Problem/Motivation

Search engines are indexing the media/oembed links in websites
And the search results for the oembed remote media can be viewed in search results
Then a landing page will open with only the content of the remote media in it.

Include Oembed media link in the robots.txt to be disallowed

# Oembed media
Disallow: /media/oembed
Disallow: /en/media/oembed
Disallow: /fr/media/oembed
Disallow: /es/media/oembed
Disallow: /ar/media/oembed

This is a repetitive issue that the support team faces when starting the handover process

Drupal core robots.txt file dose not have the Disallow: /media/oembed
and only following with http://www.robotstxt.org/robotstxt.html

Proposed resolution

Add a line “Disallow: /media/oembed“ to be configured from Drupal core to be always included in robots.txt
Regarding the other languages will be dealt with by the delivery team to add the variation according to the available languages on the website

Cover both single and multilingual sites.

Disallow: /media/oembed
Disallow: /*/media/oembed

And clean and not clean Urls

Disallow: /index.php/media/oembed
Disallow: /index.php/*/media/oembed

Remaining tasks

  • ✅ File an issue
  • ✅ Addition/Change/Update/Fix
  • ✅ Testing to ensure no regression
  • ✅ Automated unit testing coverage
  • ✅ Automated functional testing coverage
  • ➖ UX/UI designer responsibilities
  • ➖ Readability
  • ➖ Accessibility
  • ✅ Performance
  • ✅ Security
  • ➖ Documentation
  • ✅ Code review by maintainers
  • ✅ Full testing and approval
  • ➖ Credit contributors
  • ➖ Review with the product owner
  • ✅ Release notes snippet
  • ❌ Release

User interface changes

  • N/A

API changes

  • N/A

Data model changes

  • N/A

Release notes snippet

  • Drupal's default robots.txt file (used for informing web crawlers what paths to not index) has been updated to disallow indexing of Oembed media links.

Issue fork drupal-3271222

Command icon Show commands

Start within a Git clone of the project using the version control instructions.

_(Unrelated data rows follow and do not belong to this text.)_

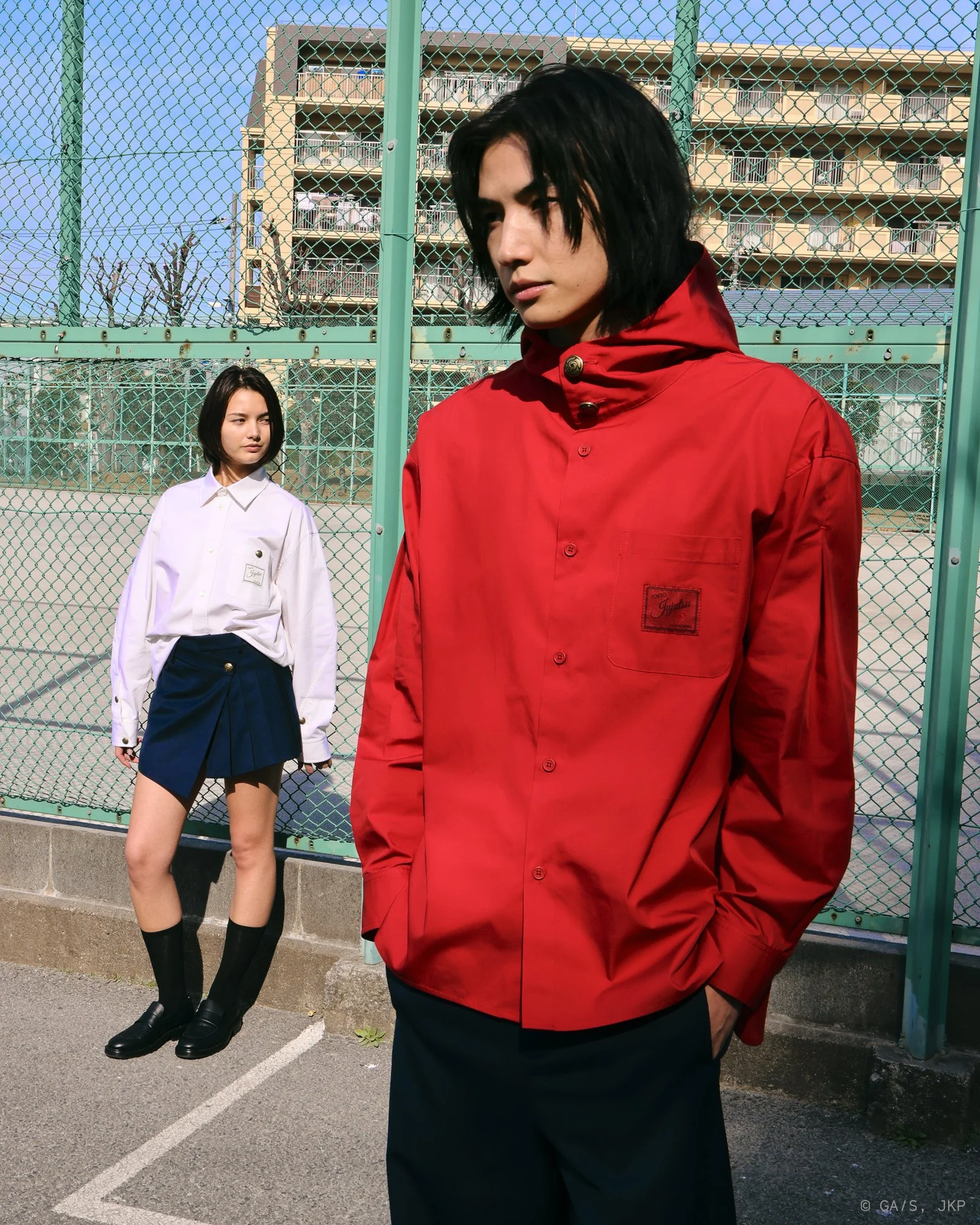 The collection’s uniform sets, priced between $110 and $195, are rendered in wool-blend fabrics that echo the disciplined aesthetic of Jujutsu High. Rather than replicating costumes, the garments interpret the institutional rigor and subtle hierarchy embedded within the series.
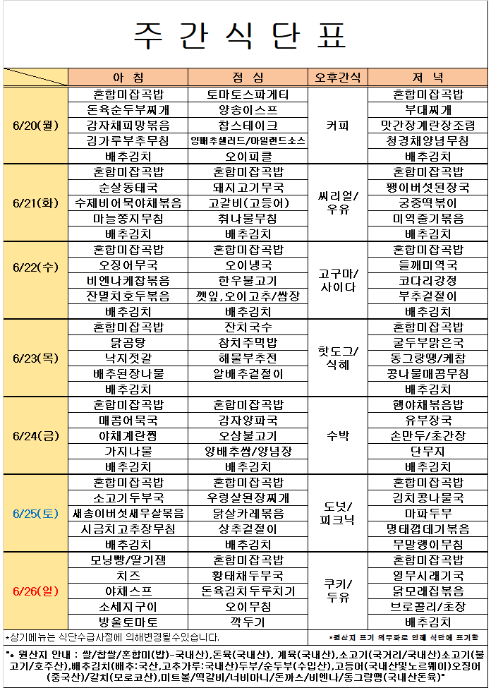 6¿ù 4°ÁÖ ½Ä´ÜÇ¥ÀÔ´Ï´Ù.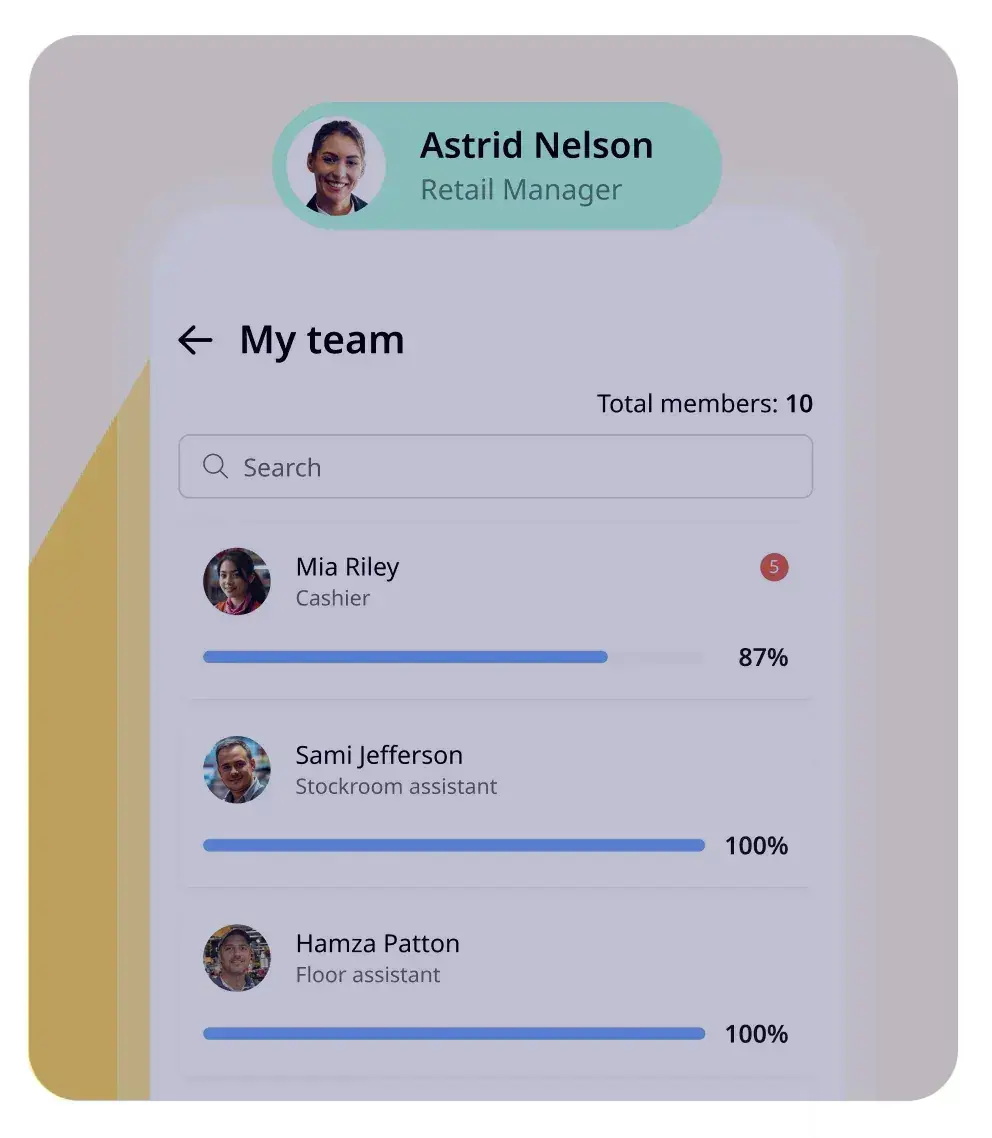 Låt chefer snabbt få tillgång till teamets utbildning och framsteg, med direkta åtgärder och datadrivna insikter för snabbare beslut.

Or, if you do not have SSH keys set up on git.drupalcode.org:

Comments

Rajab Natshah created an issue. See original summary.

rajab natshah’s picture

Issue summary: View changes
rajab natshah’s picture

Issue summary: View changes
rajab natshah’s picture

Assigned: rajab natshah » Unassigned
Status: Active » Needs review

yogeshmpawar made their first commit to this issue’s fork.

rajab natshah’s picture

Thanks, Yogesh for the change.
It is the right format.

What do you think of having following

Disallow: /media/oembed
Disallow: /*/media/oembed

Not only Disallow: /media/oembed. To support multilingual sites too.

rajab natshah’s picture

Issue summary: View changes
rajab natshah’s picture

Changing to use

Disallow: /media/oembed
Disallow: /*/media/oembed
rajab natshah’s picture

Issue summary: View changes
rajab natshah’s picture

Issue tags: +SEO
rajab natshah’s picture

Issue summary: View changes
Issue tags: +Drupal SEO
rajab natshah’s picture

Issue summary: View changes

Cover both single and multilingual sites.

Disallow: /media/oembed
Disallow: /*/media/oembed

And clean and not clean Urls

Disallow: /index.php/media/oembed
Disallow: /index.php/*/media/oembed
rajab natshah’s picture

Title: Include Disallow Oembed media link in the robots.txt file » Include Disallow Oembed media link in the robots.txt file for better Drupal SEO
yogeshmpawar’s picture

@Rajab Natshah - Changes looking good. This will cover both scenario's

rajab natshah’s picture

Issue summary: View changes
rajab natshah’s picture

Title: Include Disallow Oembed media link in the robots.txt file for better Drupal SEO » Include Disallow Oembed media links in the robots.txt file for better Drupal SEO
alaa jwiehan’s picture

Status: Needs review » Reviewed & tested by the community

Version: 9.4.x-dev » 9.5.x-dev

Drupal 9.4.0-alpha1 was released on May 6, 2022, which means new developments and disruptive changes should now be targeted for the 9.5.x-dev branch. For more information see the Drupal core minor version schedule and the Allowed changes during the Drupal core release cycle.

alexpott’s picture

Status: Reviewed & tested by the community » Needs work
Issue tags: +Needs change record, +Needs release note

We need a change record and a release note. See #3123285: Actually exclude user register, login, logout, and password pages from search results in robots.txt (current rules are broken) for a previous example of one for a robots.txt change.

bramdriesen’s picture

Assigned: Unassigned » bramdriesen

I will make a change record and release note.

bramdriesen’s picture

Assigned: bramdriesen » Unassigned
Issue summary: View changes
Status: Needs work » Needs review

Change record created: https://www.drupal.org/node/3313604
Release note added to the issue description.

bramdriesen’s picture

bramdriesen’s picture

Issue summary: View changes
alexpott’s picture

Status: Needs review » Reviewed & tested by the community

Thanks @BramDriesen the issue summary changes and the CR looks good.

alexpott’s picture

Status: Reviewed & tested by the community » Fixed
Issue tags: +9.5.0 release notes, +10.0.0 release notes

Committed and pushed 198b03a0e5 to 10.1.x and 584a723c91 to 10.0.x and ab6f2ee90b to 9.5.x. Thanks!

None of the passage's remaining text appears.